Total O-GlcNAcylation increases YAP binding to STAT3 to promote YAP nuclear translocation. A) YAP-interacting proteins and interaction scores predicted by the STRING server (Version: 12.0). B) Immunoblot analysis of the interaction between endogenous YAP and STAT3 in PMASMCs treated with PDGF-BB (n = 3). C) Confocal imaging of YAP (green) and STAT3 (red) co-localization in PMASMCs treated with PDGF-BB (n = 3). Scale bars, 10 µm. The arrow points to the suspected protein aggregates. The linear co-localization plots of YAP and STAT3 outlined by horizontal lines in the merged images are shown on the right. D) Immunoblot analysis of the interaction between endogenous YAP and STAT3 in PMASMCs treated with OSMI-1 (n = 3). E) Immunoblot analysis of the interaction between endogenous YAP and STAT3 in PMASMCs treated with TMG (n = 3). F) Confocal imaging of YAP (green) and STAT3 (red) co-localization in PMASMCs treated with PDGF-BB, PDGF-BB +OSMI-1 (10 μM), PDGF-BB +TMG (15 μM) (n = 3). Scale bars, 10 µm. The arrow points to the suspected protein aggregates. The linear co-localization plots of YAP and STAT3 outlined by horizontal lines in the merged images are shown on the right.

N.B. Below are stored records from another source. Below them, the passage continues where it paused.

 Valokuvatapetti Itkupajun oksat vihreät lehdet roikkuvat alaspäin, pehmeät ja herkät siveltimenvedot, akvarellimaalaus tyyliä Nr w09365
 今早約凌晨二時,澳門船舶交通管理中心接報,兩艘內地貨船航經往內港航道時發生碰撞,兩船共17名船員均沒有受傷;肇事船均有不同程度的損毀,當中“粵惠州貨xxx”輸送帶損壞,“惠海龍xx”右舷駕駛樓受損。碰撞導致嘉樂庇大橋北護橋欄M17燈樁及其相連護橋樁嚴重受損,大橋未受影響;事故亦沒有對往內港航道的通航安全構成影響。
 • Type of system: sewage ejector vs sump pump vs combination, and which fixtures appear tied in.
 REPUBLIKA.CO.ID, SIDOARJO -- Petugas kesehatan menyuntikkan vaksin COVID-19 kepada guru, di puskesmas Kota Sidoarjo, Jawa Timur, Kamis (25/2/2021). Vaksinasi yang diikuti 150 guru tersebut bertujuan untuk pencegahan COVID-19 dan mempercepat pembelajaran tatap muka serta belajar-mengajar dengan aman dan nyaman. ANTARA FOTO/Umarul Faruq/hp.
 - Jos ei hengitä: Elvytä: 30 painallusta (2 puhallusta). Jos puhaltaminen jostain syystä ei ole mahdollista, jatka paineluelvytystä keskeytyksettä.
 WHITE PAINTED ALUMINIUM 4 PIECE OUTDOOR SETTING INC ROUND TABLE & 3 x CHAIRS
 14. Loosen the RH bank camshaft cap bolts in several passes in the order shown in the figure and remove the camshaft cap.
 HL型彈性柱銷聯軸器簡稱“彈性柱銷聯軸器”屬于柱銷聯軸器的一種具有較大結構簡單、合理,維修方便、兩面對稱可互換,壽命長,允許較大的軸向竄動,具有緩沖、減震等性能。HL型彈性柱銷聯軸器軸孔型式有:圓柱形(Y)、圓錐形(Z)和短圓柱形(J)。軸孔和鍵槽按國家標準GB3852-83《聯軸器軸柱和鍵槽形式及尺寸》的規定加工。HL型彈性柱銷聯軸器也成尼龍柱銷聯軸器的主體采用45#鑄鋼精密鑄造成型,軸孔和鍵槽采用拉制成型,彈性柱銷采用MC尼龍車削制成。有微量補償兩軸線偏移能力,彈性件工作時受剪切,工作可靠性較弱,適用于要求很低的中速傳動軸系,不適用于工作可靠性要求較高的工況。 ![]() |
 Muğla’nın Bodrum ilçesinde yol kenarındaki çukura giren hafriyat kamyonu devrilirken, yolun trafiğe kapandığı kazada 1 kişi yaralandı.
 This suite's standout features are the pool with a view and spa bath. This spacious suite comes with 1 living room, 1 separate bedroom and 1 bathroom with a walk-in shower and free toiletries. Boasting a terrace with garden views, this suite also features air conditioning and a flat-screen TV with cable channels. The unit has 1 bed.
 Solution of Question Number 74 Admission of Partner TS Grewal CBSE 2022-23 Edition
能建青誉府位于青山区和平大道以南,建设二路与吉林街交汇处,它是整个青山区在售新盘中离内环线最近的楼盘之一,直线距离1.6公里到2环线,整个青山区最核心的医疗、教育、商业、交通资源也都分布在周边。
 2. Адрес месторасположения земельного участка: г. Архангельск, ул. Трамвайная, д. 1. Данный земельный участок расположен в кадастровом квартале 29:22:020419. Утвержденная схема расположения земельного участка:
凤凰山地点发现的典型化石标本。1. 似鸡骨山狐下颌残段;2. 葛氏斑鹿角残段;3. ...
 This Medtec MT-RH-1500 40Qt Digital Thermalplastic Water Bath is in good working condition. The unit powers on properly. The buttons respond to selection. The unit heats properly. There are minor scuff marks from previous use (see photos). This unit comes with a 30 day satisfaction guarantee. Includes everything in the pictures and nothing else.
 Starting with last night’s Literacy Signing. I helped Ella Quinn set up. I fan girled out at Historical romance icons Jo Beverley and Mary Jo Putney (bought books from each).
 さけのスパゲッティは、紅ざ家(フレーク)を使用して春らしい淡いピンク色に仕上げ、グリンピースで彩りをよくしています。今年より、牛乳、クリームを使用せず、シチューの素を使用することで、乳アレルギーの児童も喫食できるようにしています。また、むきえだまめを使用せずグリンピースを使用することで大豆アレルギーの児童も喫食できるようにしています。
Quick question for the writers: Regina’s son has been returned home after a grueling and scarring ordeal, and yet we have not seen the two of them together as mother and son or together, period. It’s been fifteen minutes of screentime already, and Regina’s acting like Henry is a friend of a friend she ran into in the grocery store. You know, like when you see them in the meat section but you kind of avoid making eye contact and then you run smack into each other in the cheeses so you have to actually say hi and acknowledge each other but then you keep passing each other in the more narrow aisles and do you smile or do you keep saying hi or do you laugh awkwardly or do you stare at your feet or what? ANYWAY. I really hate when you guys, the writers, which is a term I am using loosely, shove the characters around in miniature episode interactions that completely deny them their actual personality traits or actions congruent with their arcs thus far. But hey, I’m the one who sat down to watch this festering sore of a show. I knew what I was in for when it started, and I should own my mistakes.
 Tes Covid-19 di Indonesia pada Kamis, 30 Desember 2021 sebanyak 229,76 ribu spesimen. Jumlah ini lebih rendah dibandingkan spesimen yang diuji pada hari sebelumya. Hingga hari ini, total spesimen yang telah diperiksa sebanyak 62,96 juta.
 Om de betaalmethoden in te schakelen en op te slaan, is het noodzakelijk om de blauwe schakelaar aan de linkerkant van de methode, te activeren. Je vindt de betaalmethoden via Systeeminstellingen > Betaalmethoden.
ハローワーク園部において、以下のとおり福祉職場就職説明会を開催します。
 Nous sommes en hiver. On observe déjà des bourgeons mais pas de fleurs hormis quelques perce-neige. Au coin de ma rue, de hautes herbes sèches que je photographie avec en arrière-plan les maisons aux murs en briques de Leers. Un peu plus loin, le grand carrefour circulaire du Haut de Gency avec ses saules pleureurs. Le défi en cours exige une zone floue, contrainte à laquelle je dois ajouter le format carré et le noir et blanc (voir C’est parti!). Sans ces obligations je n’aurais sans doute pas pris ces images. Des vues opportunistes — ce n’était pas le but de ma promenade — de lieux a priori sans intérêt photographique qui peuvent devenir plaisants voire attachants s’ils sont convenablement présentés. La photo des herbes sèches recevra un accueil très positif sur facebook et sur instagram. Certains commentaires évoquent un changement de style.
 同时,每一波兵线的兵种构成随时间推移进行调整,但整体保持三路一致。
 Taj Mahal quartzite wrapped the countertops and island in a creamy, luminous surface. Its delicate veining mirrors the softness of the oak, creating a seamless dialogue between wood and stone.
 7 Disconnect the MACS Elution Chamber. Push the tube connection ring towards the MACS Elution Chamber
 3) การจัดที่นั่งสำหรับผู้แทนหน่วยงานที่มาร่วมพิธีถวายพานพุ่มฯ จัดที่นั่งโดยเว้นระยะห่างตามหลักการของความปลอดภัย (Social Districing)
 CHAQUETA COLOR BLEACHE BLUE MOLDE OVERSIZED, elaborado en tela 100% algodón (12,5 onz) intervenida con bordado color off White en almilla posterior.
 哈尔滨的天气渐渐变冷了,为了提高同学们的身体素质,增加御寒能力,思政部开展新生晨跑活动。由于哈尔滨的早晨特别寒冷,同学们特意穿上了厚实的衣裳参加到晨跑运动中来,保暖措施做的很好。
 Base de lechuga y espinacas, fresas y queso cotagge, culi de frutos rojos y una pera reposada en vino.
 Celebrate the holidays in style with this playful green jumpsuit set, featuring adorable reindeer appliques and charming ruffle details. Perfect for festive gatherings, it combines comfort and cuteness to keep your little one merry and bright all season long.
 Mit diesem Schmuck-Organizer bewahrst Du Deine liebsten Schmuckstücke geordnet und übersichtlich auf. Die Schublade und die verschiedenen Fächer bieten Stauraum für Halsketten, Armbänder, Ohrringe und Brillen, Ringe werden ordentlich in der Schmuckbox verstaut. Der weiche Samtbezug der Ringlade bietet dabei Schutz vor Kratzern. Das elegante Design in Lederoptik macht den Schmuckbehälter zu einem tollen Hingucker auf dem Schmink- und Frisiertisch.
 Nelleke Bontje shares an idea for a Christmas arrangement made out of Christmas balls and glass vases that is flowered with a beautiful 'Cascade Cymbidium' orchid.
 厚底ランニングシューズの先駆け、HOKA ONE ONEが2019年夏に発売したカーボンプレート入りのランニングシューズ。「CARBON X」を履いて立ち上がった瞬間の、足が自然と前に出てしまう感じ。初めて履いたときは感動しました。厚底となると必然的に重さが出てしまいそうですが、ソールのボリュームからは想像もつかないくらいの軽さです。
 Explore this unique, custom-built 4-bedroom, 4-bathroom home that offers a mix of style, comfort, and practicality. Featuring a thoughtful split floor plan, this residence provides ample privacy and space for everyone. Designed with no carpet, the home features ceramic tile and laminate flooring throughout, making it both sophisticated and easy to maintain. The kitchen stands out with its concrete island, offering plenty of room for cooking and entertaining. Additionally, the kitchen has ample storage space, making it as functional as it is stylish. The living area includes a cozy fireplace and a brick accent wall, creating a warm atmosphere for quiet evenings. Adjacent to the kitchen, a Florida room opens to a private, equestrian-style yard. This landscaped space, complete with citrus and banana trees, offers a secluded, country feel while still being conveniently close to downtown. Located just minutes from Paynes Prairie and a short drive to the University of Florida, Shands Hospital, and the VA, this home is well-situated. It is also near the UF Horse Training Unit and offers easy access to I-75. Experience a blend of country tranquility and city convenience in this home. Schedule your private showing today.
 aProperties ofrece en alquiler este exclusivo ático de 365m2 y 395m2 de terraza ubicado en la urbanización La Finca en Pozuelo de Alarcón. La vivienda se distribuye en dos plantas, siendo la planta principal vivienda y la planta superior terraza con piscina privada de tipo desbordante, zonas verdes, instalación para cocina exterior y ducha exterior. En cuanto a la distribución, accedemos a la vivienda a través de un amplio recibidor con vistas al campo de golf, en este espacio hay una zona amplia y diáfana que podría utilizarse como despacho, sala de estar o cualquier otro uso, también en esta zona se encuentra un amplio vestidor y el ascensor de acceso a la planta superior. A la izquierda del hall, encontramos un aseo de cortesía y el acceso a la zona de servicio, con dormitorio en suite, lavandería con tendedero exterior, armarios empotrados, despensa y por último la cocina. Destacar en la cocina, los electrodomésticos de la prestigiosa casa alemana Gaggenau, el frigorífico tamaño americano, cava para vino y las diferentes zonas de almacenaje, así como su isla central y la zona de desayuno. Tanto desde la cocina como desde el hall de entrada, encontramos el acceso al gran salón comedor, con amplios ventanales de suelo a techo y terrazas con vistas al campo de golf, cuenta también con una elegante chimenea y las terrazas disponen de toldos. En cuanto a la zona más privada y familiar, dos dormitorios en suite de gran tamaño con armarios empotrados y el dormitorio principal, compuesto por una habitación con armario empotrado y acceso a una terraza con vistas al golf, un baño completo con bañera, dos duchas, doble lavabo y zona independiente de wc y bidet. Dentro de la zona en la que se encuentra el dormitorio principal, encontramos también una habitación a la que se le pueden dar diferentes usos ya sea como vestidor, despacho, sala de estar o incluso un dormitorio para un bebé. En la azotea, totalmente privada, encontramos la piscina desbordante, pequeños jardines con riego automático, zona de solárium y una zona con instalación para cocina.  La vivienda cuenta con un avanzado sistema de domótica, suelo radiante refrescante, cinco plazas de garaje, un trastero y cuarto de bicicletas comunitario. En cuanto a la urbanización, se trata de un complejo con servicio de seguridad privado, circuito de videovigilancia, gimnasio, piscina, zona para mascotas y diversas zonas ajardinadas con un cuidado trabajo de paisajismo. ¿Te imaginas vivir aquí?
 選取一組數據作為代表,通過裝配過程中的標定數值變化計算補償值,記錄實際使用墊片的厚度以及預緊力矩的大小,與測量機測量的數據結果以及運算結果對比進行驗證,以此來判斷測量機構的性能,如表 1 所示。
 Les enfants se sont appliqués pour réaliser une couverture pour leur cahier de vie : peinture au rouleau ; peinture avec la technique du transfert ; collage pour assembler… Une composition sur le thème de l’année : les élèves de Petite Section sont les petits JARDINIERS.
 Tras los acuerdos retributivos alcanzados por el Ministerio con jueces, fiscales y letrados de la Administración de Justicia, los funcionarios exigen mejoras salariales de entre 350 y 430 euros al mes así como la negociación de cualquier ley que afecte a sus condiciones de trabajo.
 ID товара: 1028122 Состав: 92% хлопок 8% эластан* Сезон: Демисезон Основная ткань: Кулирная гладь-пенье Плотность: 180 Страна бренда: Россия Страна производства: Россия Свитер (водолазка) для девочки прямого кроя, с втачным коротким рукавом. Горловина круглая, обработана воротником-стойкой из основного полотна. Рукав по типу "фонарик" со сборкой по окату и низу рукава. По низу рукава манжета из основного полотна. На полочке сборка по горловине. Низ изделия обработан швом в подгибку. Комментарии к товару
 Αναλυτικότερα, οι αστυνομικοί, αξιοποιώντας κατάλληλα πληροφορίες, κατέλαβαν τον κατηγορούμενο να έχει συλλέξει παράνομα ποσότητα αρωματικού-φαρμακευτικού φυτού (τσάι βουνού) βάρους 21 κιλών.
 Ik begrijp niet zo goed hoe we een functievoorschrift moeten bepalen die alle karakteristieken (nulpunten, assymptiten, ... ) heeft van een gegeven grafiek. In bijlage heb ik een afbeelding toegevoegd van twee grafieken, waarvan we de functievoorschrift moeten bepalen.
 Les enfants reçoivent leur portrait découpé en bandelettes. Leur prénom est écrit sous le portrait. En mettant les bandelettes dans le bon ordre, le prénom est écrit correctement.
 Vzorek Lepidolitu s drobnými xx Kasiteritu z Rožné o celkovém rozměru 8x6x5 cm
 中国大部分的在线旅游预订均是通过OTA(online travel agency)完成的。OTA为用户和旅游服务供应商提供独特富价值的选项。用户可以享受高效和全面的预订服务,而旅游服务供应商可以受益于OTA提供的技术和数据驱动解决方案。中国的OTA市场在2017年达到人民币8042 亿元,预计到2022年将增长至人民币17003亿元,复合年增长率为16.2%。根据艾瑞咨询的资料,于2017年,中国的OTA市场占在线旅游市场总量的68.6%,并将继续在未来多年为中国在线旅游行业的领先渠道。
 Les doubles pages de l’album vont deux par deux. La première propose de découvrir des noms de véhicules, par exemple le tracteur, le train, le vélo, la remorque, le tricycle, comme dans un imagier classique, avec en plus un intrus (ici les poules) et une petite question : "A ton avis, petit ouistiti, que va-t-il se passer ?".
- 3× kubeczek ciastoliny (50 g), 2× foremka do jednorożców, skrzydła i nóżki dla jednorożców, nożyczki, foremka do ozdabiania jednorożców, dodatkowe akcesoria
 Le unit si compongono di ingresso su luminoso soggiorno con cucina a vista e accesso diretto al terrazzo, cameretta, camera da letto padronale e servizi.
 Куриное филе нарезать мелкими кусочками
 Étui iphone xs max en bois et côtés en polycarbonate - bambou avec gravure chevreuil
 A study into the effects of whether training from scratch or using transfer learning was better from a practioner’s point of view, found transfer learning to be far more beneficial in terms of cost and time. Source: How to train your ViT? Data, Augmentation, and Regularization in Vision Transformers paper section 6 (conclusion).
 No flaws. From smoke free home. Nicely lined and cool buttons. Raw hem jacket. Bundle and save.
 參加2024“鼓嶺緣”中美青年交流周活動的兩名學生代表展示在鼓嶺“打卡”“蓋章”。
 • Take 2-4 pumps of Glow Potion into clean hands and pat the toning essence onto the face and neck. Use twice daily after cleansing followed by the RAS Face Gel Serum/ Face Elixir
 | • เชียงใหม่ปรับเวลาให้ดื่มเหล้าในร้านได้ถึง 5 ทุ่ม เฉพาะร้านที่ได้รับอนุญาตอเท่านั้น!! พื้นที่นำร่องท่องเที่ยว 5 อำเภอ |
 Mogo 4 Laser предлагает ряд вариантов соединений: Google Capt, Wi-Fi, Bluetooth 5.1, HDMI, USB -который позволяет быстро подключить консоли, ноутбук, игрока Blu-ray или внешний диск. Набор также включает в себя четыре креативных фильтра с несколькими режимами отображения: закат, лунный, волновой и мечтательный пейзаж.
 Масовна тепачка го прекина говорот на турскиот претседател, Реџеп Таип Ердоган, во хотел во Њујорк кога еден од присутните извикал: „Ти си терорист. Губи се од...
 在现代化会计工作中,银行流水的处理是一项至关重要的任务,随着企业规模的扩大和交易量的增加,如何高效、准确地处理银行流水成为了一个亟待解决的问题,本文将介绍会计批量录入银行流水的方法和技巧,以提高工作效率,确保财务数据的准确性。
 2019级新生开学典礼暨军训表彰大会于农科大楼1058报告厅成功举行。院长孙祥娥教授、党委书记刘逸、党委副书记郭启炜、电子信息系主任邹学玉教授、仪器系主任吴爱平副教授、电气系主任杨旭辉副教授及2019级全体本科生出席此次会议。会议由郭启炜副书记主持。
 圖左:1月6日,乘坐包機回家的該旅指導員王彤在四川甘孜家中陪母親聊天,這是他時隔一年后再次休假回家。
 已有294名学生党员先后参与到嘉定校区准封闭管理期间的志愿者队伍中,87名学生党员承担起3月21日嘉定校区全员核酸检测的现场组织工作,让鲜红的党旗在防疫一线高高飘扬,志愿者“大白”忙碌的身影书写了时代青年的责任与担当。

Sequence alignment revealed conservation of these four loci between human and mouse YAP, so we directly mutated the four loci in the mouse sequence (Figure 4A). The O-GlcNAcylation level of YAP was significantly reduced after the loci mutation (Figure 4B, see Table S1 for the sequencing results). Then, we predicted the conformation of YAP before and after the mutation of the O-GlcNAcylation site using AlphaFold 3. The results showed that O-GlcNAc glycosylation caused a significant degree of conformational flipping of YAP, with only a small portion of the conformation remaining (Figure 4C). After mutating the O-GlcNAc sites of YAP, the results showed that the protein level of YAP decreased (Figure 4B) and the nuclear translocation of YAP was reduced (Figure 4D), accompanied by inhibition of CYR61 expression (Figure 4F). Also, the proliferation and migration of VSMCs were inhibited (Figure 4D & E, Figure S4B-D). The above results were consistent with the results of OSMI-1 action.

 Figure 4 

Mutating the O-GlcNAcylation sites of YAP inhibits YAP binding to stat3 to decrease its nuclear translocation. A) Mutation of four O-GlcNAcylated sites (S/T) on the mouse-derived YAP protein sequence to alanines. B) Immunoblot analysis of O-GlcNAcylated YAP in PMASMCs transfected with plasmids expressing Vector, wild-type (YAP-WT), or O-GlcNAcylated sites mutant (YAP-MUT) using an O-GlcNAc-specific antibody (n = 3). C) Conformational changes after full mutation of the four O-glycosylation sites Thr81, Ser109, Thr243, and Ser334 of YAP to alanines compared with YAP-WT. The colored markers are the parts of the two that are similar in conformation. (D-F, H and I) PMASMCs were transfected with plasmids expressing Vector, YAP-WT or YAP-MUT. D) Transwell Migration Assay image and immunofluorescence images of YAP (green) and DAPI (blue) of the cells (n = 3). Scale bars, 100 μm (Transwell) and 50 μm (immunofluorescence). E) Cell counts indicated the proliferation of the cells (n = 3). F) mRNA expression of YAP downstream target gene representative of CYR61 (n = 3). *p < 0.05, ***p < 0.005 (one-way ANOVA with Tukey's posttest). G) Prediction of YAP-WT or YAP-MUT protein interactions with STAT3 proteins using CoDockPP Server. The amino acid site of the binding part has been labeled. H) Docking analysis of YAP-WT or YAP-MUT proteins with STAT3 using PDBePISA Server. (I) Confocal imaging of YAP (green) and STAT3 (red) co-localization in cells (n = 3). Scale bars, 10 µm. The arrow points to the suspected protein aggregates. The linear colocalization plots of YAP and STAT3 outlined by horizontal lines in the merged images are shown on the right. J) Immunoblot analysis of the interaction between endogenous YAP and STAT3 in cells (n = 3).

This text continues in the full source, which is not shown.